8月下旬にThe War Zoneが初めて報じたときには、黒海の海軍同様、黒く塗ってカモフラージュしているようにも見えたのですが、9月に入って@Tatarigami_UAさんが最新の衛星写真をチェックしたら、まさかのタイヤだったというわけです。
Brace yourselves, because russians have once again showcased unparalleled innovation. What you are looking at is a satellite image featuring a TU-95 strategic bomber covered with car tires. According to them, this should protect strategic bombers from drones pic.twitter.com/ZjDDzRPOWf
— Tatarigami_UA (@Tatarigami_UA) September 3, 2023
何を恐れている?
タイヤを乗せている機体は、確認できるだけでも戦略爆撃機Tu-95(NATOのコードネーム「Bear」1機、侵攻初期段階で軍功を挙げた爆撃機)5機と同Tu-160(コードネーム「Blackjack」)3機です。
ロシア軍が恐れているのはおそらく、黒海の巡洋艦「モスクワ」を撃沈した地対艦ミサイル「ネプチューン」ではないかと言われています。
改良を加えて、陸も狙えるようにしたことをウクライナが発表した直後ですので、タイミングから見て、たぶんそれに対応した動きかと。 もちろん、ドローンからの防衛もあるでしょう。
タイヤをのせてかわせるものなの?
カメラの画像で標的を絞る技術のことを、巡航ミサイルの世界では「DSMAC(Digital Scene Matching Area Correlator:デジタル画像位置照合修正技術)」、「ATR(Automated Target Recognition:自動ターゲット認識技術)」といいます。
ネプチューンの地対地ミサイル改良版では、国産GPSシステムで標的付近まで近寄ってから赤外線映像を使った誘導装置(シーカー)で的を絞るらしいので、記録された写真と著しく異なる姿になっているとエラーになり、攻撃失敗となります。

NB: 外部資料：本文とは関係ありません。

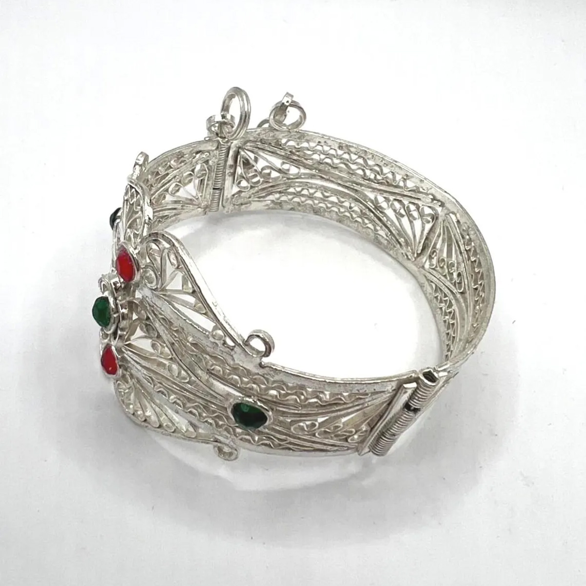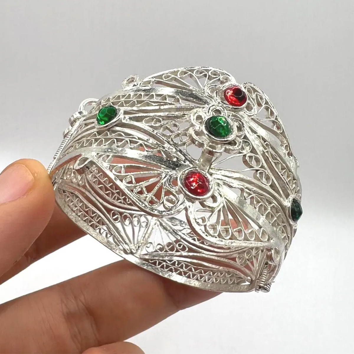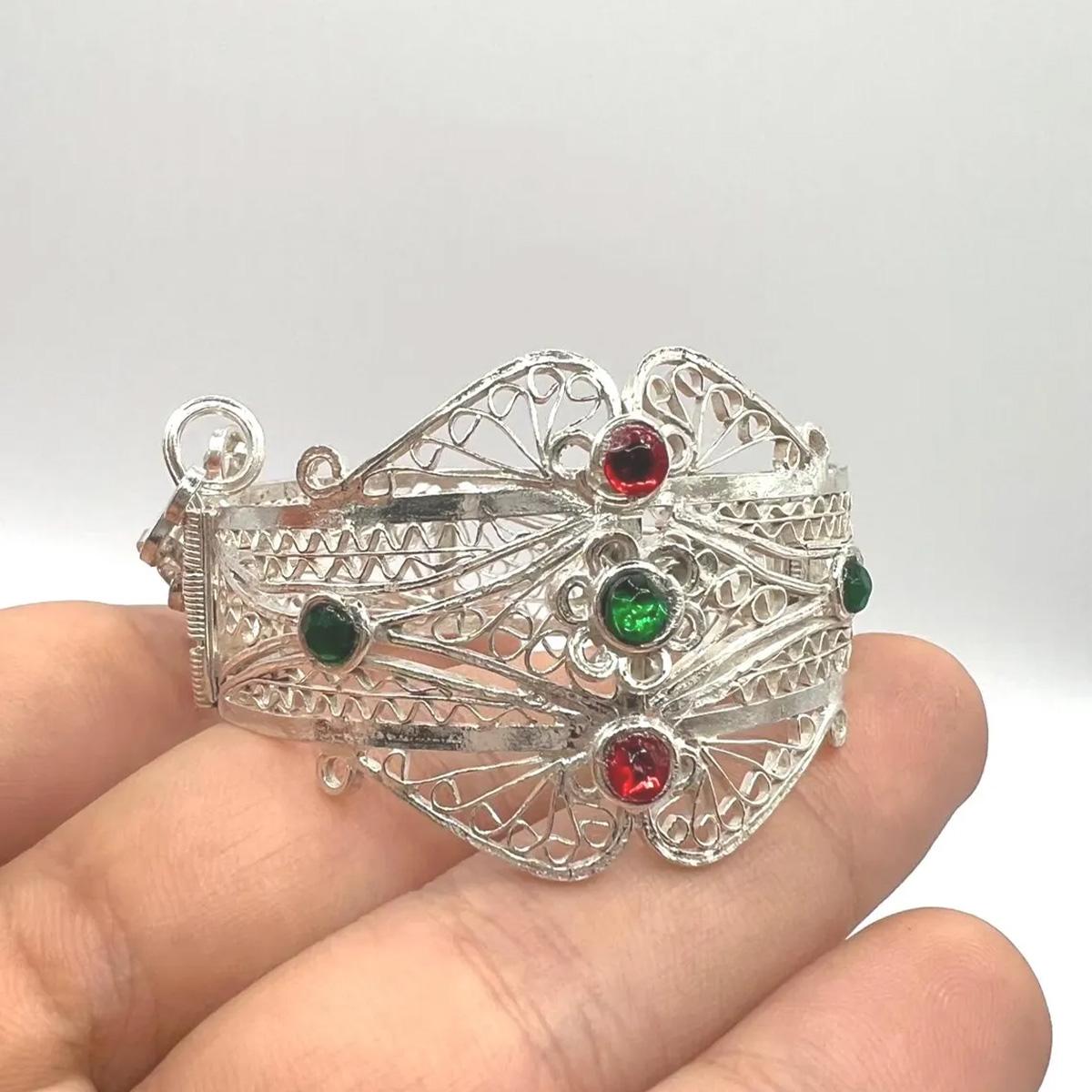 Vintage Berber Filigree Cuff Bracelet – Kabyle Silver Plated Moroccan Jewelry

こういう泥臭い隠し方でも効くのかも。
ドローンの誘導システムは機密なのでわかりませんが、たぶん同じような赤外線映像がシーカーとして採用されている可能性はあります。
使えるものはなんでも使う
それにしてもロシアの臨機応変さにはいつも驚かされます。
予想以上の抵抗に遭って苦戦した侵攻当初、TOYOTAやMITSUBISHIのトラックに「Z」と大書してマシンガンを積んで攻め込み「ISISならぬIZIZだ」と西側を唖然とさせたロシア。
Russia sending in their “IZIZ-style” Mitsubishis and Toyotas into Mariupol.
Is this supposed to be one of the world’s top 5 armies that the collective West is supposed to tremble in front of?
Time for NATO to send those Polish MiG-29s to Ukraine! pic.twitter.com/jCf0vweE0g
— Visegrád 24 (@visegrad24) March 28, 2022
「V」と大書した国産KAMAZのトラックに張り巡らせた緩衝材は丸太や木の枝でした。
When I said the Russians were starting to take rear area security a bit more seriously this is not what I had in mind pic.twitter.com/tpVo6JR5BH
— OSINTtechnical (@Osinttechnical) March 5, 2022
そういう前線の混乱がいよいよ基地にまでおよんできた感があります。